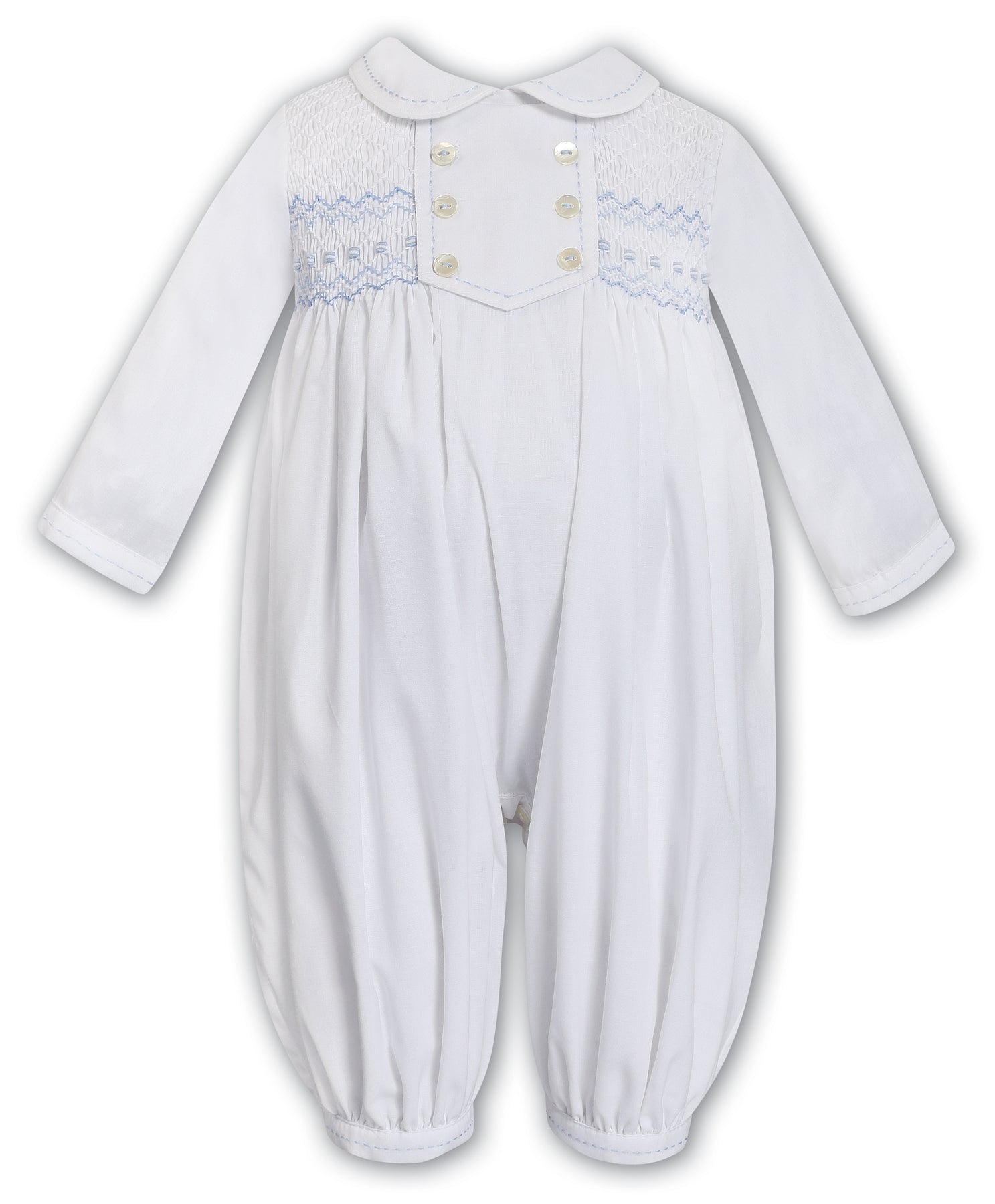 Sarah Louise Boys Blue & White Hand Smocked Romper- 013682
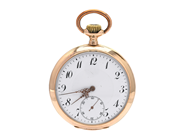 ZENITH, pocket watch, 50,5 mm, Serial no. 2373320, Case no. 219882, 14K gold, lever escapement, damaged dial, dents, approx 1919.
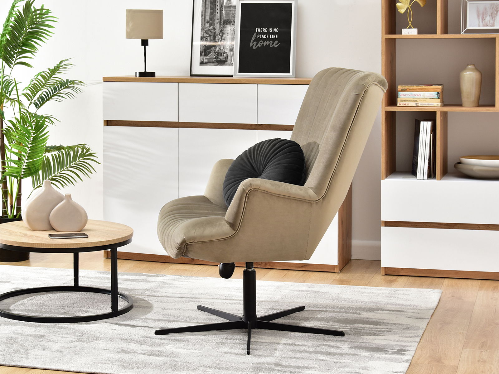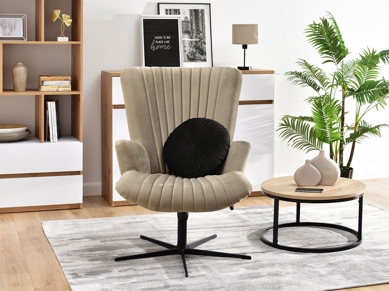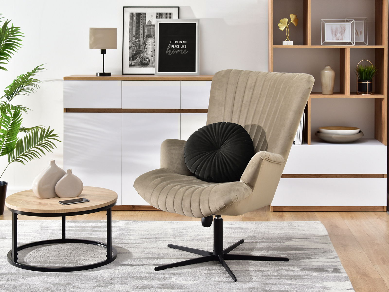 Relaxačné kreslo Elesenta (piesková + čierna)
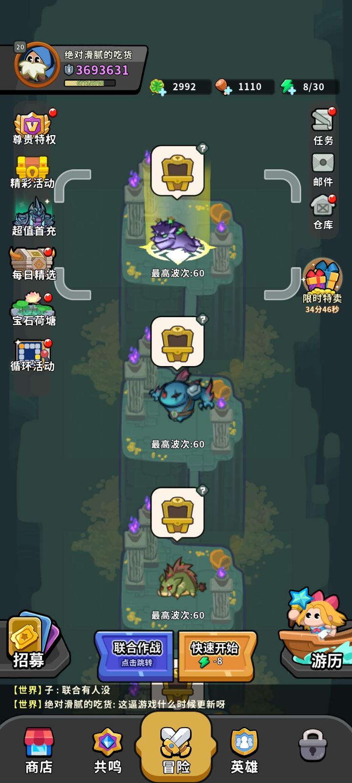 养成类游戏前期都是很难度过的,需要大佬带通关,获取奖励一步一步成长起来。下面我推荐一下辅助阵容及玩法(以下仅为个人观点)开局卡80个小怪后会获得200银币利用这200银币买出“巨魔猎头者”因为他的技能每10秒可以获得银币,前期可以利用这一点存钱。“树精”的技能是每次普攻6%的几率获得5个银币。前期银币充足后,通过合成普通卡获得史诗卡卖出,祈愿币就不会少,因为是辅助不需要我们
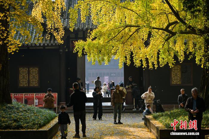 11月24日,初冬暖阳下,四川省眉山市东坡区纱縠行南街的三苏祠博物馆南门内,高大的银杏树渐染金黄,金黄叶片随风轻舞,吸引不少游客驻足观赏、拍照留念,现场洋溢着浓浓的诗意与雅致氛围。图为三苏祠南门游客。中新社记者 刘忠俊 摄
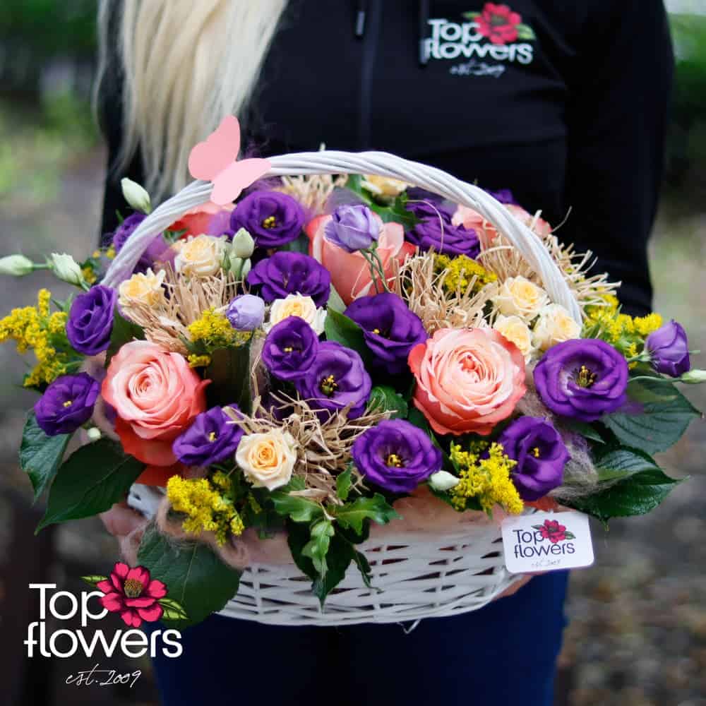 The "Luck" basket represents a beautiful combination of flowers. It includes 5 roses, 3 mini roses, and 5 lisianthus. Additionally, seasonal greens are included to complement the beauty of the flowers. The basket is of medium size and made of decorative woven material. To ensure maximum freshness and longevity of the flowers, we use Piaflora Oasis Max. The decoration of the basket may vary depending on availability. The "Luck" basket is a perfect choice for a gift or special occasion, carrying a message of luck and joy.
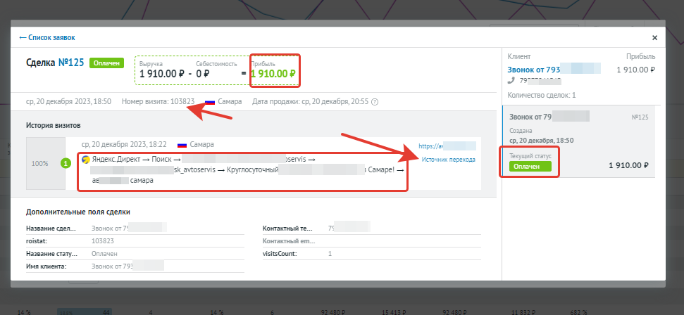 У нас есть расход на привлечение лида, и мы точно знаем, что в нашей кампании дало нам этот лид. После обработки лида он получает статус «Оплачен» или «Отменен», и менеджер вписывает сумму сделки. Теперь мы не только знаем, откуда появился лид и сколько мы потратили на его привлечение, но и сколько денег он нам принес в кассу. Думаем, дальше несложно понять, сколько возможностей дает такая статистика. Любой руководитель всегда задает вопрос: «Сколько денег нам это дало?». Располагая данными системы сквозной аналитики, интернет-маркетолог может точно ответить на этот вопрос!

--------------------------------------------------

What is expected —
Set down the entire material verbatim, with each picture left out.

Task output —
 Sarah Louise Boys Blue & White Hand Smocked Romper- 013682
 ZENITH, pocket watch, 50,5 mm, Serial no. 2373320, Case no. 219882, 14K gold, lever escapement, damaged dial, dents, approx 1919.
 Relaxačné kreslo Elesenta (piesková + čierna)
 养成类游戏前期都是很难度过的,需要大佬带通关,获取奖励一步一步成长起来。下面我推荐一下辅助阵容及玩法(以下仅为个人观点)开局卡80个小怪后会获得200银币利用这200银币买出“巨魔猎头者”因为他的技能每10秒可以获得银币,前期可以利用这一点存钱。“树精”的技能是每次普攻6%的几率获得5个银币。前期银币充足后,通过合成普通卡获得史诗卡卖出,祈愿币就不会少,因为是辅助不需要我们
 11月24日,初冬暖阳下,四川省眉山市东坡区纱縠行南街的三苏祠博物馆南门内,高大的银杏树渐染金黄,金黄叶片随风轻舞,吸引不少游客驻足观赏、拍照留念,现场洋溢着浓浓的诗意与雅致氛围。图为三苏祠南门游客。中新社记者 刘忠俊 摄
 The "Luck" basket represents a beautiful combination of flowers. It includes 5 roses, 3 mini roses, and 5 lisianthus. Additionally, seasonal greens are included to complement the beauty of the flowers. The basket is of medium size and made of decorative woven material. To ensure maximum freshness and longevity of the flowers, we use Piaflora Oasis Max. The decoration of the basket may vary depending on availability. The "Luck" basket is a perfect choice for a gift or special occasion, carrying a message of luck and joy.
 У нас есть расход на привлечение лида, и мы точно знаем, что в нашей кампании дало нам этот лид. После обработки лида он получает статус «Оплачен» или «Отменен», и менеджер вписывает сумму сделки. Теперь мы не только знаем, откуда появился лид и сколько мы потратили на его привлечение, но и сколько денег он нам принес в кассу. Думаем, дальше несложно понять, сколько возможностей дает такая статистика. Любой руководитель всегда задает вопрос: «Сколько денег нам это дало?». Располагая данными системы сквозной аналитики, интернет-маркетолог может точно ответить на этот вопрос!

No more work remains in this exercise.